The fundamental inquiry therefore is whether the defendant Board of Trustees is a "corporation" within the jurisdictional rule that admits of a corporation being regarded, for purposes of suing and being sued in the courts of the United States, as a citizen of the State under and by the laws of which it was created. The pleadings, we have seen, do not in terms aver the Board to be a corporation; only that it is a citizen of and domiciled in Ohio, and to have been created as a collective body by the laws of that State, with power to sue and be sued by the name of the Board of Trustees of the Ohio State University. Those laws must therefore be examined in order to ascertain whether, for purposes of suit in the Circuit Court of the United States, the Board may be deemed a corporation of Ohio within the meaning of the above cases.

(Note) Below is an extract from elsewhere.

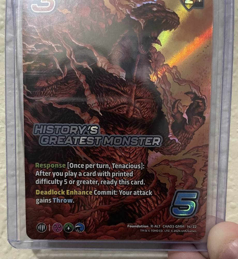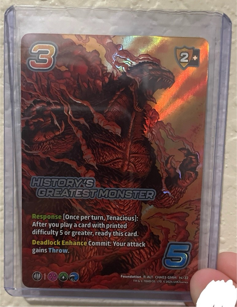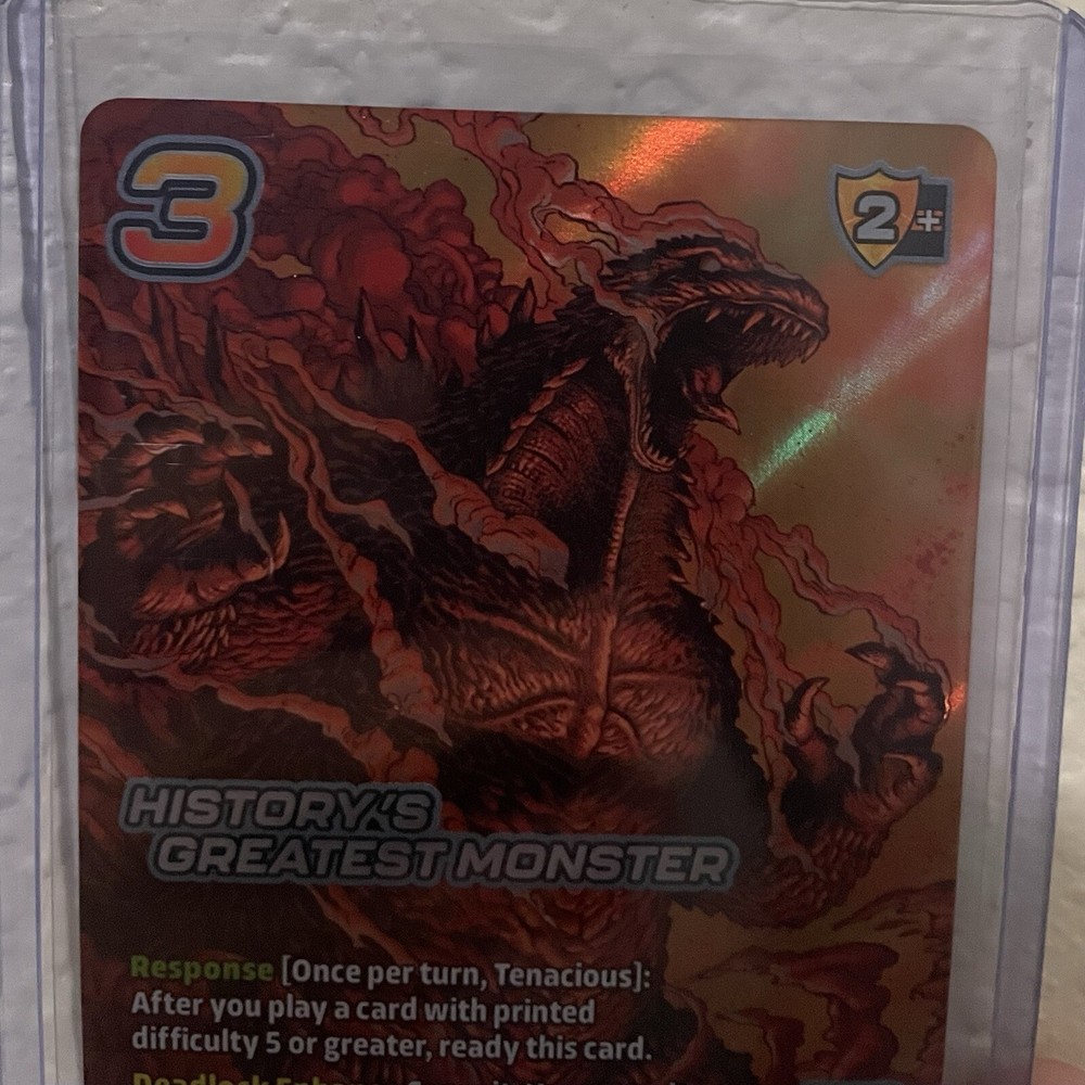 The product is a non-sport trading card featuring an alternate art design of Godzilla, known as "History's Greatest Monster". Part of the Challenger Series, this card showcases Godzilla, a famous monster in pop culture history. With a focus on the franchise of Godzilla, this collectible trading card appeals to fans of the iconic creature and highlights its historical significance within the entertainment world.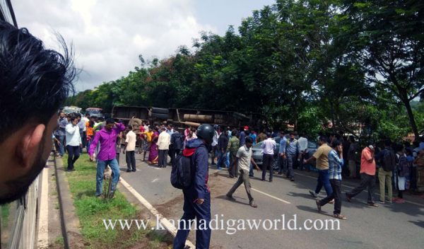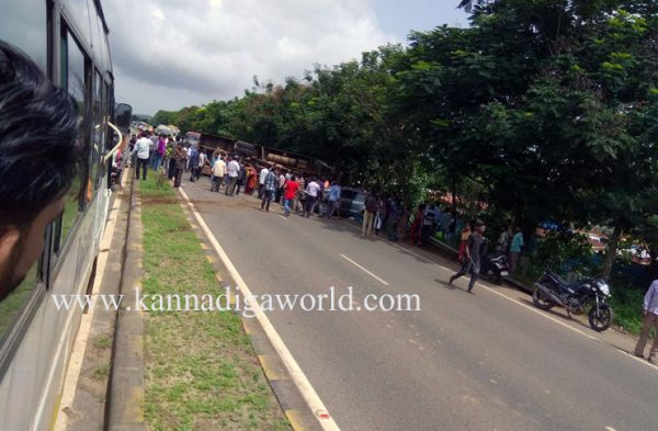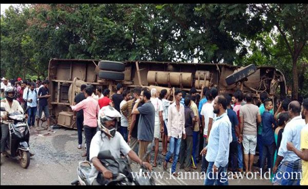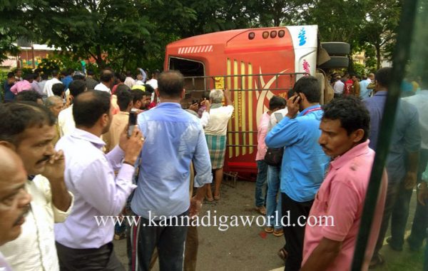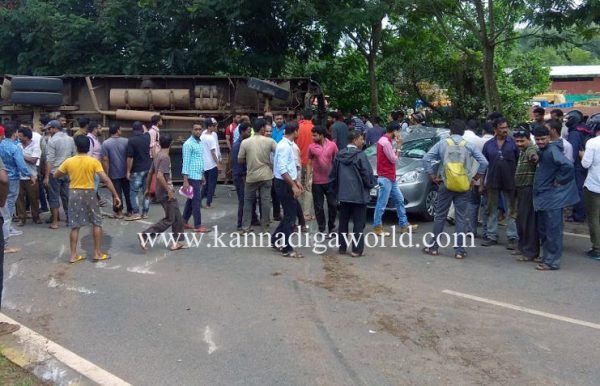 ಚಲಿಸುತ್ತಿದ್ದ ಬಸ್ಸಿನ ಟಯರ್ ಸಿಡಿದ ಪರಿಣಾಮ ಬಸ್ಸು ಕಾರಿಗೆ ಢಿಕ್ಕಿ ಹೊಡೆದು ಮಗುಚಿಬಿದಿದೆ. ಅಪಘಾತದಿಂದ ಕಾರು ಸಂಪೂರ್ಣವಾಗಿ ನಜ್ಜು ಗುಜ್ಜಾಗಿದ್ದು, ಬಸ್ ಕೂಡಾ ಜಖಂಗೊಂಡಿದೆ. ಘಟನೆಯಲ್ಲಿ ಕಾರಿನಲ್ಲಿದ್ದ ಮೂವರು ಗಂಭೀರ ಗಾಯಗೊಂಡಿದ್ದಾರೆ. ಬಸ್ಸಿನಲ್ಲಿದ್ದ ಪ್ರಯಾಣಿಕರ ಪೈಕಿ ಹಲವರಿಗೆ ಗಾಯಗಳಾಗಿವೆ. ಗಾಯಾಳುಗಳನ್ನು ಸ್ಥಳೀಯ ಹಾಗೂ ಮಂಗಳೂರಿನ ವಿವಿಧ ಆಸ್ಪತ್ರೆಗಳಿಗೆ ದಾಖಲಿಸಲಾಗಿದೆ.

In determining this question we are confronted with the fact that the statute creating the defendant Board was clearly a special, as distinguished from a general act, and that the Constitution of Ohio forbade the passage of any special act conferring corporate powers. Const. Ohio, Art. XIII, § 1. So that the Board of Trustees cannot be held to have been made a corporation or endowed with corporate powers without holding that the act by which it was created was invalid under the Constitution of Ohio; whereas, the Supreme Court of Ohio have adjudicated that the act was valid as not conferring, and as not intended to confer, corporate powers on the Board.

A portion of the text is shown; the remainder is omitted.